ASSIGNMENT: Could you write the entries out again, exactly as they appear?

[Items from a data source]
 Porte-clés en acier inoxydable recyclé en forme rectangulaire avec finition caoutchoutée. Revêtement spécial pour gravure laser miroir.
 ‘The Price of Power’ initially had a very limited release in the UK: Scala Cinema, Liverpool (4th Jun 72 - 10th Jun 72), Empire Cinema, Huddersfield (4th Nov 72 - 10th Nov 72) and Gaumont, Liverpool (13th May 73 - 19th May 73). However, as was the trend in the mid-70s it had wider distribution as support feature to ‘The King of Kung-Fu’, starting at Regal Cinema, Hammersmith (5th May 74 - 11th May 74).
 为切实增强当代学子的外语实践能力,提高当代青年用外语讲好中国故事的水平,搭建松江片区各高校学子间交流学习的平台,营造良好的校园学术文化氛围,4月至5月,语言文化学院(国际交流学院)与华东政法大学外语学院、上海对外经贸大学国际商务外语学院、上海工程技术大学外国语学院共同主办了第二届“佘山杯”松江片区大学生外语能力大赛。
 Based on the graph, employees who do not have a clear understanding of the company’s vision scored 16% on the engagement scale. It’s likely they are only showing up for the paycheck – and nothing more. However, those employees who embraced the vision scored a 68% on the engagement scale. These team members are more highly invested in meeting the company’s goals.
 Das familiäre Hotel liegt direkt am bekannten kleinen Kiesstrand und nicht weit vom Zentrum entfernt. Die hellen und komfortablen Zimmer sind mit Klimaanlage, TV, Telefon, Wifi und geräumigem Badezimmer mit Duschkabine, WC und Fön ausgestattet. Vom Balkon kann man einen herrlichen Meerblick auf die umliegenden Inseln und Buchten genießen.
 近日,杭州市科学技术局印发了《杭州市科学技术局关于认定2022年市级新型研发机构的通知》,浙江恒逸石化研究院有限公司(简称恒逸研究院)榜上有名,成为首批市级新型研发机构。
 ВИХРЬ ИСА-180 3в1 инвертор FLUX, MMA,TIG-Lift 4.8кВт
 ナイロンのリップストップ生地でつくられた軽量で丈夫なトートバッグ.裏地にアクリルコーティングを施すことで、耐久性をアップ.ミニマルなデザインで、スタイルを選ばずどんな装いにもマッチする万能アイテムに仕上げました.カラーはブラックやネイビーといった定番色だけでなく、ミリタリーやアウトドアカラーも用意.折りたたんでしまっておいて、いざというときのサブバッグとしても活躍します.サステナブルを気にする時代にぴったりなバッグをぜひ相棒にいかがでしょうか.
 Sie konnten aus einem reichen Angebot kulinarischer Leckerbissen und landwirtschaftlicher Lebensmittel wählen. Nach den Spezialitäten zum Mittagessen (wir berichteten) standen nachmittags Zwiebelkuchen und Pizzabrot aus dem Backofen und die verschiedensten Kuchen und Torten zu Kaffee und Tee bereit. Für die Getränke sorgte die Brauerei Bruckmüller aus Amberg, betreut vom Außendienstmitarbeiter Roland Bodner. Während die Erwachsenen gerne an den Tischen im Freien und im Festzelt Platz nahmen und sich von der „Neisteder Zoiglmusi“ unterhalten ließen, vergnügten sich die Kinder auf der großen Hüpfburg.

EXERCISE ANSWER:
 Porte-clés en acier inoxydable recyclé en forme rectangulaire avec finition caoutchoutée. Revêtement spécial pour gravure laser miroir.
 ‘The Price of Power’ initially had a very limited release in the UK: Scala Cinema, Liverpool (4th Jun 72 - 10th Jun 72), Empire Cinema, Huddersfield (4th Nov 72 - 10th Nov 72) and Gaumont, Liverpool (13th May 73 - 19th May 73). However, as was the trend in the mid-70s it had wider distribution as support feature to ‘The King of Kung-Fu’, starting at Regal Cinema, Hammersmith (5th May 74 - 11th May 74).
 为切实增强当代学子的外语实践能力,提高当代青年用外语讲好中国故事的水平,搭建松江片区各高校学子间交流学习的平台,营造良好的校园学术文化氛围,4月至5月,语言文化学院(国际交流学院)与华东政法大学外语学院、上海对外经贸大学国际商务外语学院、上海工程技术大学外国语学院共同主办了第二届“佘山杯”松江片区大学生外语能力大赛。
 Based on the graph, employees who do not have a clear understanding of the company’s vision scored 16% on the engagement scale. It’s likely they are only showing up for the paycheck – and nothing more. However, those employees who embraced the vision scored a 68% on the engagement scale. These team members are more highly invested in meeting the company’s goals.
 Das familiäre Hotel liegt direkt am bekannten kleinen Kiesstrand und nicht weit vom Zentrum entfernt. Die hellen und komfortablen Zimmer sind mit Klimaanlage, TV, Telefon, Wifi und geräumigem Badezimmer mit Duschkabine, WC und Fön ausgestattet. Vom Balkon kann man einen herrlichen Meerblick auf die umliegenden Inseln und Buchten genießen.
 近日,杭州市科学技术局印发了《杭州市科学技术局关于认定2022年市级新型研发机构的通知》,浙江恒逸石化研究院有限公司(简称恒逸研究院)榜上有名,成为首批市级新型研发机构。
 ВИХРЬ ИСА-180 3в1 инвертор FLUX, MMA,TIG-Lift 4.8кВт
 ナイロンのリップストップ生地でつくられた軽量で丈夫なトートバッグ.裏地にアクリルコーティングを施すことで、耐久性をアップ.ミニマルなデザインで、スタイルを選ばずどんな装いにもマッチする万能アイテムに仕上げました.カラーはブラックやネイビーといった定番色だけでなく、ミリタリーやアウトドアカラーも用意.折りたたんでしまっておいて、いざというときのサブバッグとしても活躍します.サステナブルを気にする時代にぴったりなバッグをぜひ相棒にいかがでしょうか.
 Sie konnten aus einem reichen Angebot kulinarischer Leckerbissen und landwirtschaftlicher Lebensmittel wählen. Nach den Spezialitäten zum Mittagessen (wir berichteten) standen nachmittags Zwiebelkuchen und Pizzabrot aus dem Backofen und die verschiedensten Kuchen und Torten zu Kaffee und Tee bereit. Für die Getränke sorgte die Brauerei Bruckmüller aus Amberg, betreut vom Außendienstmitarbeiter Roland Bodner. Während die Erwachsenen gerne an den Tischen im Freien und im Festzelt Platz nahmen und sich von der „Neisteder Zoiglmusi“ unterhalten ließen, vergnügten sich die Kinder auf der großen Hüpfburg.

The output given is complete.